The Medicare Hospice Benefit (MHB) is the most common way to fund hospice care provided in nursing homes. Non-Medicare (e.g., private insurance and Medicaid) hospice programs are also available and will offer services unique to their respective plans. Coverage must be individually determined prior to initiating care.
The information below is provided to delineate the levels of care available to those residents enrolled in MHB.
By funding a wide range of services, MHB enables hospice programs to provide comprehensive care in the home or place of residence (including nursing homes, adult family homes, and alternative home settings) whenever possible. The MHB provides four levels of care to its beneficiaries. The following is a description of each level of care available to MHB participants:
Routine home care: provides basic hospice care in the home. If the patient resides in a setting other than a private residence, hospice does not cover room and board. The hospice team, including nurse, social worker, home care aide, chaplain, volunteer, and other disciplines, visits routinely and is available 24 hours a day to respond to urgent changes. The routine home care level of services also includes coverage of medications, medical equipment and supplies as necessary for the individual’s comfort care.
Continuous home care: during a brief, acute crisis that requires enhanced care to manage uncontrolled symptoms, nursing care may be provided on a continuous basis in order to meet the patient’s goal of staying at home. The care provided must be primarily skilled nursing in focus, with a minimum of 8 hours and maximum of 24 hours per day. Home health aide services may in some situations be utilized to provide a portion of this care; however, a licensed nurse must provide 50% or more of the continuous care.
General inpatient care: in a crisis or acute episode that cannot be managed at routine home level, a patient can be admitted to an inpatient setting as contracted and arranged by the Hospice. Patients who elect MHB waive their Medicare Part A benefits to cover an acute-care hospitalization for the care related to their terminal condition. Patients are not admitted to the acute-care setting in a traditional manner, but are “transferred” to a different level of hospice care. Hospice continues to direct and provide care during the general inpatient stay. Regulations require 24-hour access to registered nursing services at this level of care.
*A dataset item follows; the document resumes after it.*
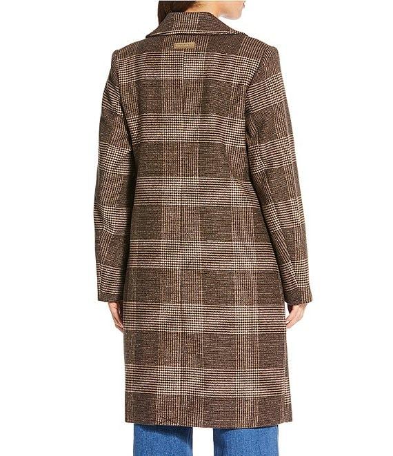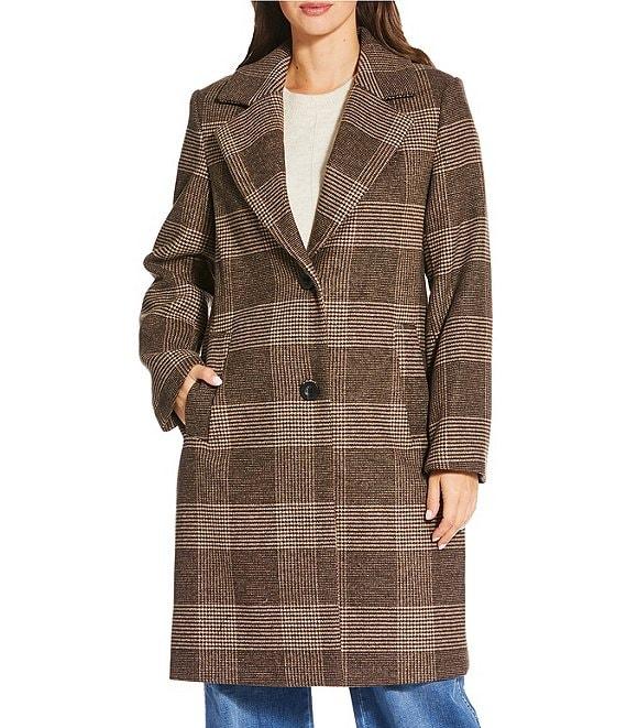 From Vince Camuto, this coat features: Wool blend fabrication Single breasted silhouette Plaid print Notch collar neckline Long sleeves Front welt pockets Straight fit Fully lined Straight hemline Button front closure Approx. 38.5" length Polyester/wool/other fibers; lining: polyester Dry clean Imported.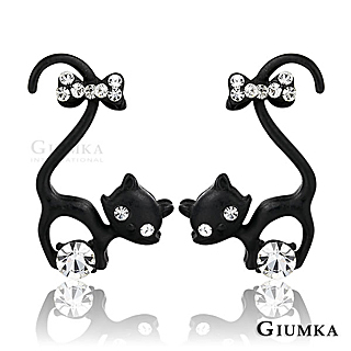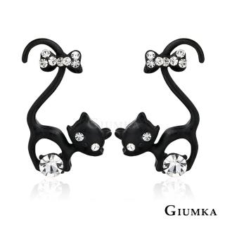【GIUMKA】優雅俏貓咪耳針式耳環 精鍍黑金 甜美名媛款 MF00564-3(黑色)

Examples of symptoms or conditions which may precipitate the transfer of a patient to continuous or general inpatient levels of hospice care, include:
Uncontrolled pain
Acute respiratory distress
Intractable nausea, vomiting or diarrhea
Severe pressure sores or hemorrhaging skin lesions
Acute and uncontrolled psychosocial problems, such as severe depression mandating a change in environment or acute breakdown in family dynamics
Inpatient respite care: is available to provide caregivers relief from day-to-day caregiving activities they provide at home, on a time-limited basis. This inpatient level of care is available in a Medicare-approved facility with which the hospice has a contract, and can be utilized for up to five days at a time.
Information adapted from: Center for Medicare Education, available at www.MedicareEd.org, and Kinzbrunner, BM. The Medicare Hospice Benefit. AAHPM Bulletin. Vol 1, #3, Spring 2001.